Или в «Синем окне Феокрита»:

«Синее окно, о котором я рассказываю, осталось в моем раннем детстве. Оно осталось там, возле реки, а я был здесь, в городе, тянувшемся почти на пятьсот километров. Мир не был похож на чудо. Он был будничен, как после сна, когда просыпаешься чем-то озабоченный и нисколько не освеженный».

Или в «Рисунке Дароткана»:

«У хороших картин есть невидимые глаза, которыми они могут видеть нас, зрителей, словно не они, а мы оказались в раме. Так по утрам стоящая за окном сосна или ель заглядывает в детскую сквозь сетку утреннего дождя».

Во всех этих произведениях самые интересные фрагменты — те, где за покровом сюжета просвечивают философские и эстетические идеи автора, имеющие малое отношение к вселенной научной фантастики. Можно сказать, что произведения Гора, как и он сам, жили раздвоенной жизнью: снаружи притворялись одним, но внутри хранили инаковость, известную немногим. Поздние рассказы и романы писателя осторожно прикидываются, будто рассчитаны на массового читателя фантастики.
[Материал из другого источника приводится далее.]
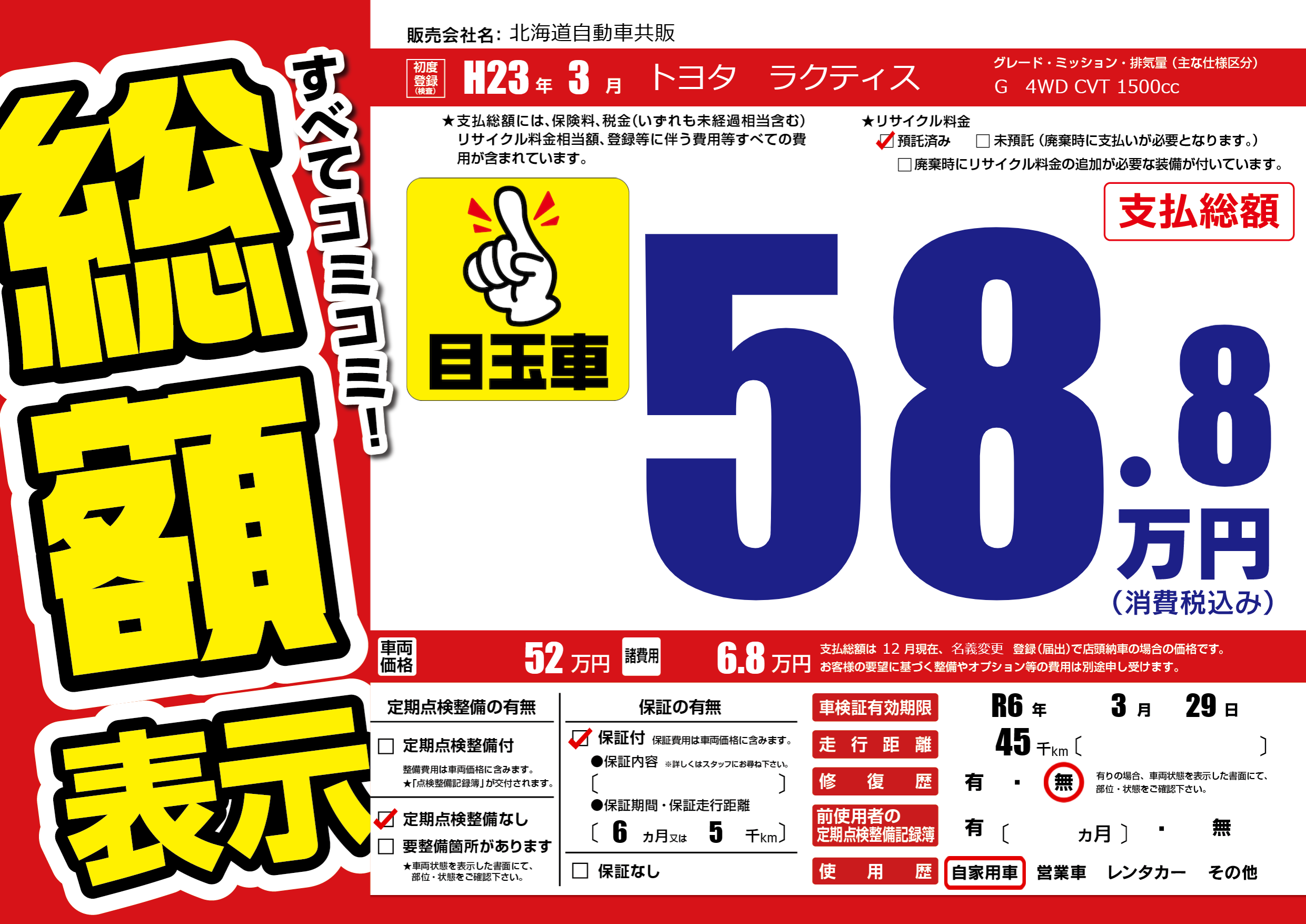 | 車検制限 | R6年 3月 29日 | ||

Однако в стилистике, интонации, поднятых темах сквозит ощущение, что человеку, который писал эти тексты, бывало очень скучно; что его таланту тесно в выбранной форме; что автор не может замести следы тех самых литературных «преступлений», в которых его обвиняли в 1930-е и 1940-е.

Гор в роли писателя-фантаста похож на жителя шумной коммуналки, которому не хватает тишины и простора. Он бы с радостью переселился в пространство побольше, но такой возможности нет, и он вынужден тесниться там, где дают. Только иногда, очень редко, когда ему кажется, что его никто не видит, он осторожно вытягивает голову в проем окна, дышит полной грудью — и свободно говорит с миром самобытным и «неправильным» голосом, который мы слышим в его ранних рассказах, блокадных стихах и редких фрагментах поздней прозы. Но стоит человеку услышать малейший шорох или поймать на себе чей-то взгляд, как он тотчас втягивает голову в плечи, захлопывает окно и съеживается, храня молчаливую надежду, что никто не заметил его свободной речи, что он все еще в безопасности.